なお、「再発しやすい」というのはフレイルを合併しためまいに限らず、めまい症状全体にいえることです。先ほど紹介した、耳石がはがれることで生じる良性発作性頭位めまい症の場合、1年間の再発率が15%という論文7)もあります。当院の調査でも、フレイルを合併しためまい患者は半年では治りきらず、1年間は必要な治療(運動と栄養)が必要である結果を得ています。
フレイルを合併しためまいの治療とリハビリ
――治りにくく、再発しやすいめまいは、どのように治療していけばよいのでしょうか。
新井:めまいの治療は、薬による治療と、それ以外とに大きく分けられます。まずは薬以外の治療についてお話しします。
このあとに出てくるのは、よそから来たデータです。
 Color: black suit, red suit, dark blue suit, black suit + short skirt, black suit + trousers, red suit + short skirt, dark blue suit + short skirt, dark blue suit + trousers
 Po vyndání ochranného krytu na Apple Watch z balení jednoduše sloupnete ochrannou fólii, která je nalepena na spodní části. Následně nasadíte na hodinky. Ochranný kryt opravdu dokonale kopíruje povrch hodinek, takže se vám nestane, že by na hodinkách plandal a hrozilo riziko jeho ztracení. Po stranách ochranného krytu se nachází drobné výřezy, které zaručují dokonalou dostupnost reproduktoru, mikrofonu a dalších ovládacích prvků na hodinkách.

薬以外の治療で代表的なものは、めまいのリハビリです。慢性めまい対策のリハビリは、アメリカでは標準治療として取り入れられており、日本でも耳鼻咽喉科の専門医の講習として行われるなど、一般的になっています。
――リハビリを行うことで、どんな効果が得られるのでしょう。
新井:主に小脳という、運動機能の中枢となる部位を鍛えることができ、めまいによる平衡機能の左右差改善だけでなく、体の動作全体の機能向上が期待できます。
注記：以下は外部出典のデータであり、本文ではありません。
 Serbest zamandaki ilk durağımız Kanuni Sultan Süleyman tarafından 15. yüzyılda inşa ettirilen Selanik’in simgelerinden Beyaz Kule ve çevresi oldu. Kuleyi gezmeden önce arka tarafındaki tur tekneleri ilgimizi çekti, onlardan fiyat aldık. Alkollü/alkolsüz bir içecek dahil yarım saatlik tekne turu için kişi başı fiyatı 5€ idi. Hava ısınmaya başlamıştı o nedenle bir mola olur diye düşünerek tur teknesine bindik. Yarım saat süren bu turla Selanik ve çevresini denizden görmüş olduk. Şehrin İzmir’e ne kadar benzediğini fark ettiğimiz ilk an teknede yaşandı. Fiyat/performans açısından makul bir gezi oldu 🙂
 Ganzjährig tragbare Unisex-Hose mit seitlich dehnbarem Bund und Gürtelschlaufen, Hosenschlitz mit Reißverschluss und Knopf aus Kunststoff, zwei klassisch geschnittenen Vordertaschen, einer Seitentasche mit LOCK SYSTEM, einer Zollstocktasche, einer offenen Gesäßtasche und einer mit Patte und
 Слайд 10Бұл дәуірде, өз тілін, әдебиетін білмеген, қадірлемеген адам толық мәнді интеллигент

私たちは普段、体を動かすとき、無意識にバランスをとっています。バランスをとっていないと、ひっくり返ってしまいますよね。これを無意識に行っているのが「バランスの親分」ともいえる、小脳です。目、耳、足裏という3つの感覚器からの入力を小脳で統合し、体のバランスをコントロールしています。
――でも「リハビリ」と聞くと、つらそうなイメージがあります。
新井:そうかもしれません。決して楽なことではないですし、つらくて続かないという人も確かにいます。そんなときはこう考えてみてください。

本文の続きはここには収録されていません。